"Well, here we are, Roger!—and if there's anything whatever in this horrible affair where an English lawyer can help you, Penrose is your man. You know, I expect, what a swell he is? A K. C. after seven years—lucky dog!—and last year he was engaged in an Anglo-American case not wholly unlike yours—Brown v. Brown. So I thought of him as the best person among your old friends and mine to come and give us some private informal help to-day, before you take any fresh steps—if you do take any."
"Awfully good of you both." The speaker, still wrapped in his fur coat, sat staring at the carpet, a hand on each of his knees. "Awfully good of you," he repeated vaguely.
Penrose observed the new-comer. In some ways Roger Barnes was handsomer than ever. His colour, the pink and white of his astonishing complexion, was miraculously vivid; his blue eyes were infinitely more arresting than of old; and the touch of physical weakness in his aspect, left evidently by severe illness, was not only not disfiguring, but a positive embellishment.

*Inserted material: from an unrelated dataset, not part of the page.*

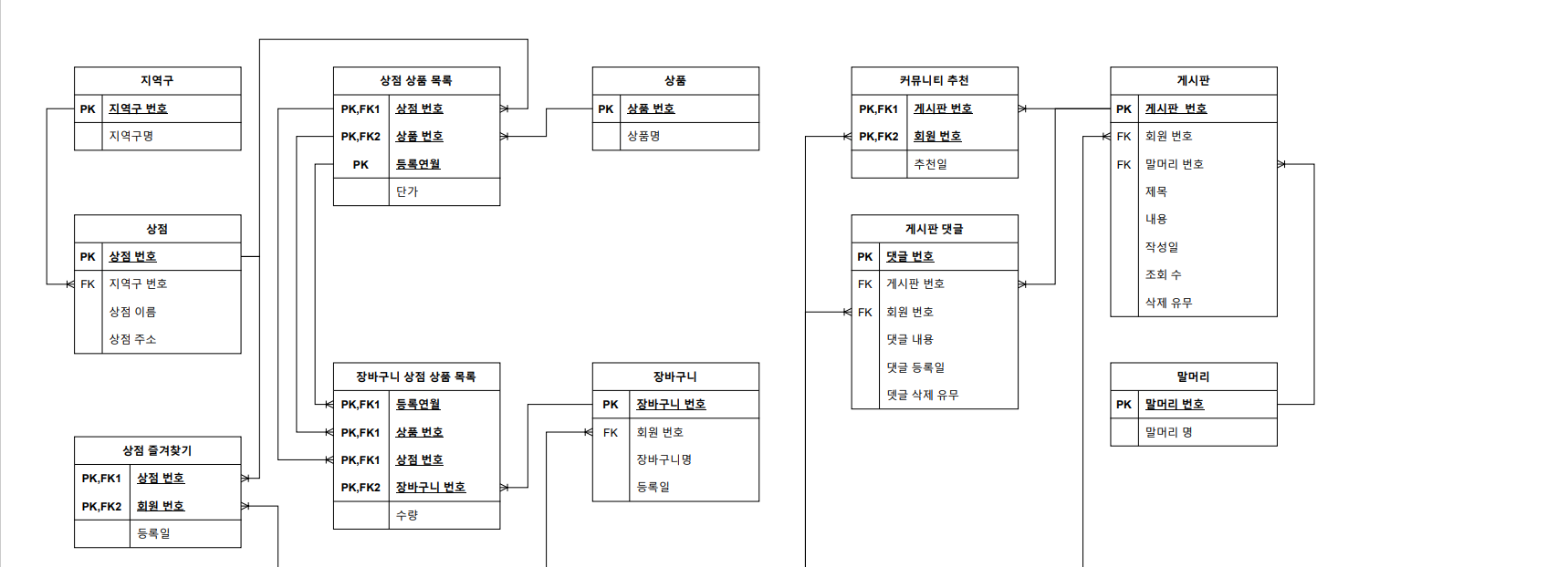 - 품목의 단가는 계속 변경되기 때문에 따로 테이블 만들어서 관리함. 그 테이블의 프라이머리 키가 3개고 그걸 가져다 써야 하므로 장바구니 상점 상품 목록 테이블은 프라이머리 키가 4개가 됨. 근데 가져온 것들은 어디꺼인지 명확해야 하기 때문에 같은 데에서 왔으니 3개 동일하게 PK, FK1이어야 함. 숫자로 구분.

He had been too ruddy in the old days, too hearty and splendid—a too obvious and supreme king of men—for our fastidious modern eyes. The grief and misfortune which had shorn some of his radiance had given a more human spell to what remained. At the same time the signs of change were by no means, all of them, easy to read, or reassuring to a friend's eye. Were they no more than physical and transient?
Penrose was just beginning on the questions which seemed to him important, when there was another ring at the front door. French got up nervously, with an anxious look at Barnes.
"Roger! I don't know whether you will allow it, but I met an American acquaintance of yours to-day, and, subject to your permission, I asked him to join our conference."
Roger raised his head—it might have been thought, angrily.
"Who on earth——?"
"Captain Boyson?"
The young man's face changed.
"I don't mind him," he said sombrely. "He's an awfully good sort. He was in Philadelphia a few months ago, when I was. He knows all about me. It was he and his sister who introduced me to—my wife."